I do not claim to have the magic bullet solution with this bill. However, I believe there are some key principles which should guide the Senate’s consideration of this legislation. These principles are: First, informed consent and independent review of experiments involving human subjects must be required. Second, anyone who violates the right of research subject to have informed consent, should be held criminally responsible for that violation. I want to put this in personal terms once again. You can imagine your spouse, husband, wife, father, mother, children, being experimented on without your knowledge or their knowledge. That is unconscionable, and we should not permit that. This legislation will close many of the loopholes that permit that to happen now. As the legislative process moves ahead, it is certain that the bill will undergo scrutiny and amendments. But I think the outcome, if this legislation is enacted into law, will be improved protections for all Americans. Madam President, obviously, I welcome any cosponsors on this legislation. I will be sending out a `dear colleague’ letter to all the offices, and I hope we get a good response to that. I think there are very few Senators who will not back this when they hear what can happen then to them, their families, and their constituents back home, if we do not pass something like this.

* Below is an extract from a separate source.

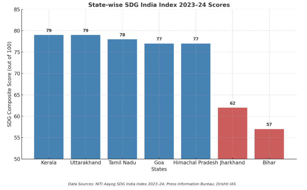 At the top of the scoreboard for 2023-2024 are states like Kerala and Uttarakhand (both scoring 79), followed by Tamil Nadu (78), Goa (77) and Himachal Pradesh (77) (gfst.in). These states show consistently that localisation is “working”: they have taken SDG goals, objectives and targets into state policy, monitoring systems and coordination between departments. For example, Kerala’s ongoing investments in health system, education system and social infrastructure provide a strong platform for monitoring multiple SDG domains at once. Therefore, based on outcome success, a central lesson is that when localisation is part of the state governance structure, outcomes will be improved.
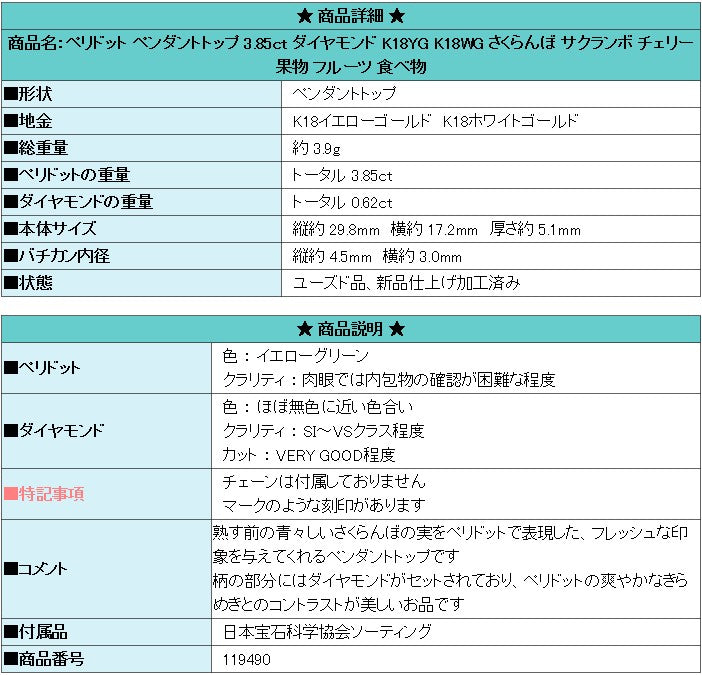 Product name: Peridot pendant top 3.85ct diamond K18YG K18WG cherry fruit food

I think this is many years overdue. I don’t want to scare people to death with this, because I think most of the research in this country is conducted in a way that is good and is with informed consent–in most cases. But just the few examples that I have mentioned here today, as well as the articles in the Cleveland Plain Dealer and New York Times I quoted from, indicate there is still a very major problem in this area and one that we want to close the gaps on so that no American is subjected to experiments like this, unless they know exactly what is going on and have given informed consent. Thank you. I yield the floor.